Volume 44, 2022International Conference on Automation, Computing and Communication 2022 (ICACC-2022)
|Number of page(s)||6|
|Published online||05 May 2022|
Diabetes & Heart Disease Prediction Using Machine Learning
Ramrao Adik Institute of Technology, D Y Patil Deemed to be University, Navi Mumbai, India
One of the root causes of mortality in today's world is the culmination of several heart disease and diabetes illnesses. In clinical data analysis, predicting multiple diseases is a significant challenge. The machine learning approach has proved to be functional in assisting in the decision-making and governing of large amounts of data generated by the healthcare field. The various experiments scratch the surface of machine learning to predict different diseases. The papers present a novel method for identifying significant features using machine learning techniques, which improves the diagnosis of multi-purpose disease prediction. The different features and many well-known classification methods are used to implement the prediction model to predict the heart disease and diabetes. The proposed method utilizes ensemble approach for achieving a higher degree of accuracy rates for by using classification algorithms and feature selection methods. The proposed method implements voting classifier that has sigmoid SVC, AdaBoost, and Decision tree algorithms.

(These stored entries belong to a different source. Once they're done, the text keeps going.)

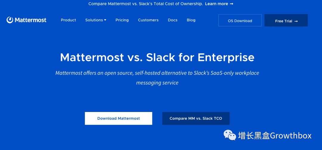 而另一个竞品Mattermost更是大胆地把自己和Slack的对比放到了首页,突出自己支持开源、私有化部署、成本低等特点。
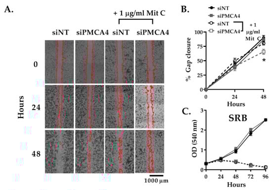 Without Mit C treatment, gap closure attributed to both cell migration and proliferation was relatively similar between siPMCA4 and siNT control (Figure 5A,B). Furthermore, no differences between the growth rate of siPMCA4 and siNT control were observed from SRB assays (Figure 5C). Upon treatment with Mit C, to selectively monitor cell migration, siPMCA4-treated cells exhibited reduced gap closure (65.6 ± 4.4 % closure, p < 0.05) compared to siNT controls after 48 h (80.6 ± 3.2% closure; Figure 5A,B). Mit C treatment inhibited cell growth of both siNT and siPMCA4 at 48 h without any noticeable effect on cell viability. However, at 72 h SRB absorbance had declined, suggesting that Mit C was affecting cell viability beyond 48 h. Nevertheless, this suggests that any changes in gap closure in Mit C-treated cells over 48 h represent an effect on cell migration, independent of cell viability or cell proliferation. Overall, our results showed that PMCA4 knockdown significantly inhibited cell migration but had no effect on the growth rate of MIA PaCa-2 cells.
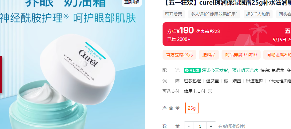 【品名】Curel/珂润 润浸保湿眼霜25g
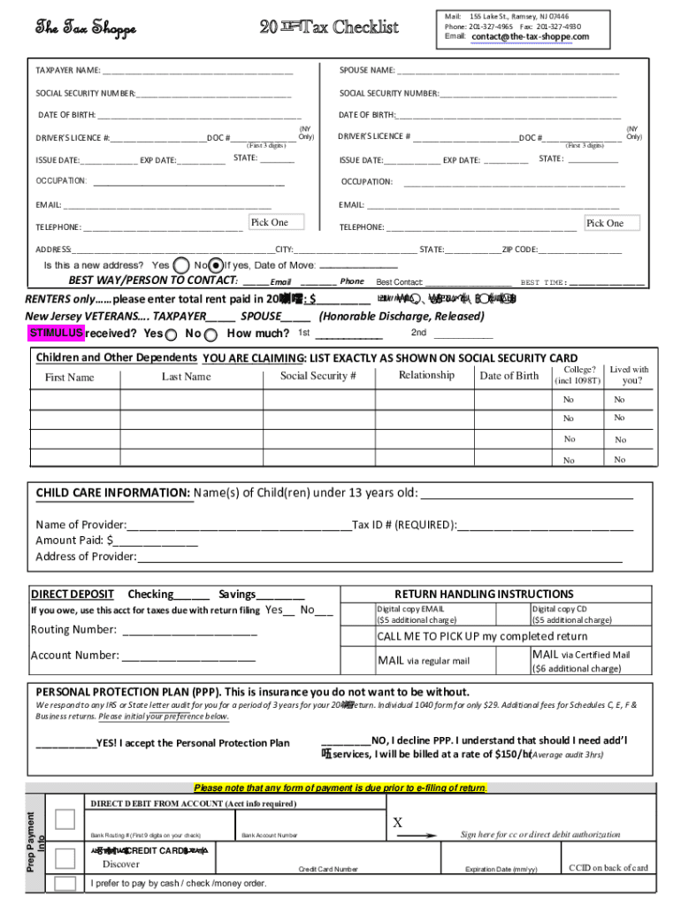 The Tax ShoppeMail: 155 Lake St., Ramsey, NJ 07446 Phone: 2013274965 Fax: 2013274930 Email: contact@thetaxshoppe.com20 Tax ChecklistTAXPAYER NAME: ___SPOUSE NAME: ___SOCIAL SECURITY NUMBER:___SOCIAL
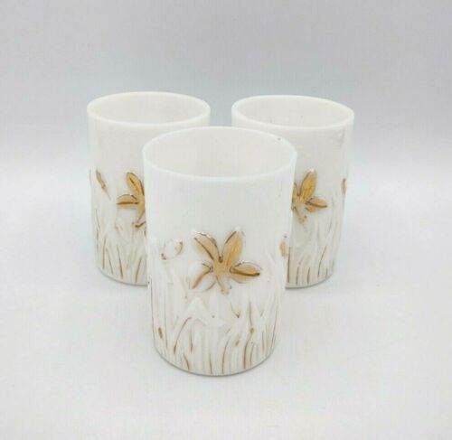 Vintage Set (3) White Milk Glass Tumbler Cups Embossed Gold Daisy Flowers
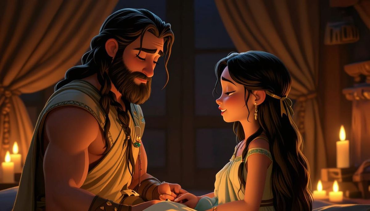This image shows a suspenseful scene of Delilah cutting Samson's hair in a Pixar-style children's illustration. The dim lighting and rich shadows enhance the drama.
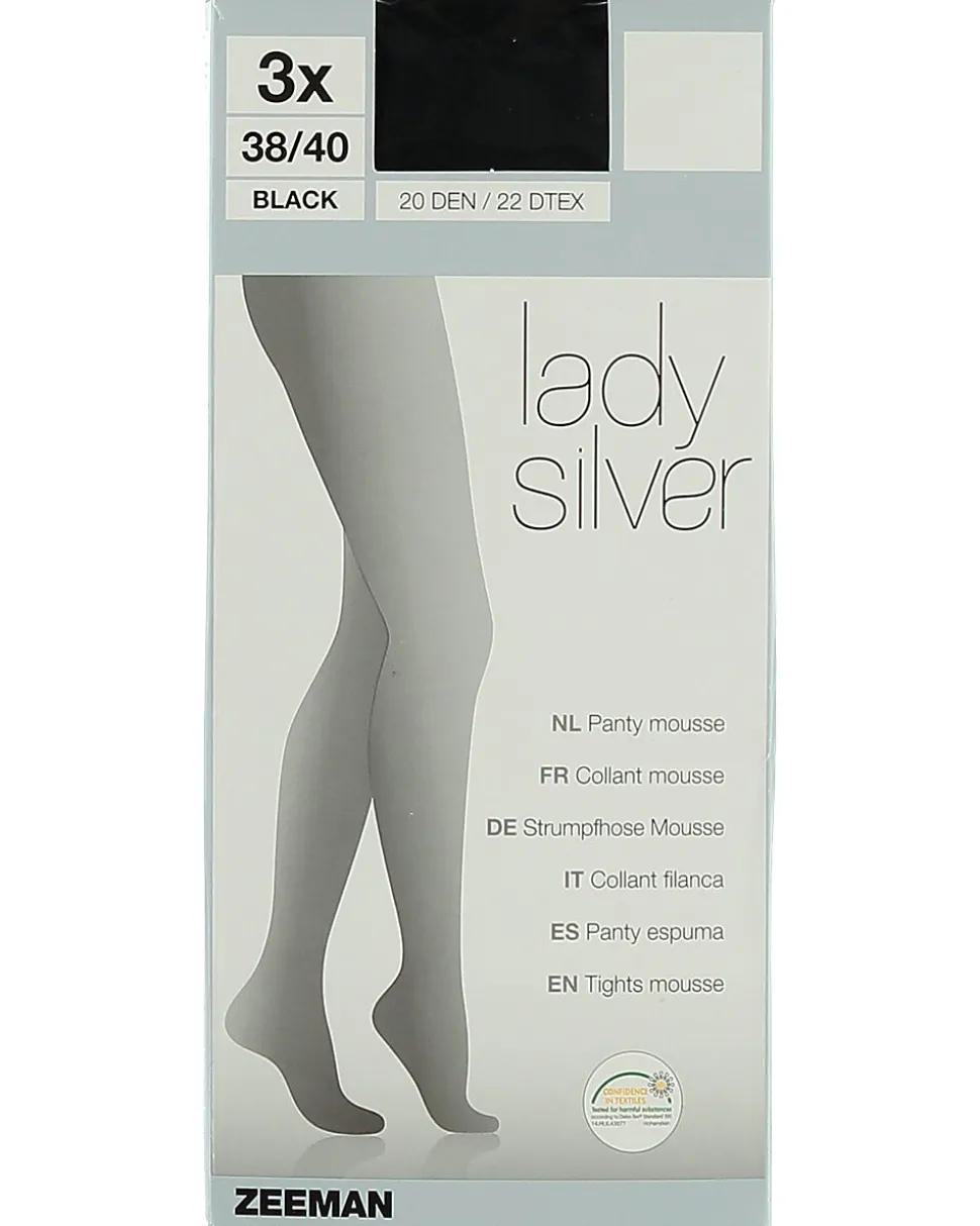 Ce collant Lady Silver de 20 deniers est noir, avec un aspect léger et transparent. Grâce à sa coupe confortable, le collant épouse agréablement vos jambes, vous permettant de bouger confortablement tout au long de la journée. Le tissu, uniquement composé de polyamide, confère au collant un toucher lisse et souple. Ce modèle se porte facilement sous une jupe ou une robe.

The paper also implements the traditional classifiers and presents the comparison of different models in terms of accuracy. The web application is also developed for users to avail its services very easily and make it convenient for their use, particularly in the prediction of heart and diabetes collectively.
Key words: Machine Learning / classification / feature selection / prediction / heart disease / diabetes
© The Authors, published by EDP Sciences, 2022
This is an Open Access article distributed under the terms of the Creative Commons Attribution License 4.0, which permits unrestricted use, distribution, and reproduction in any medium, provided the original work is properly cited.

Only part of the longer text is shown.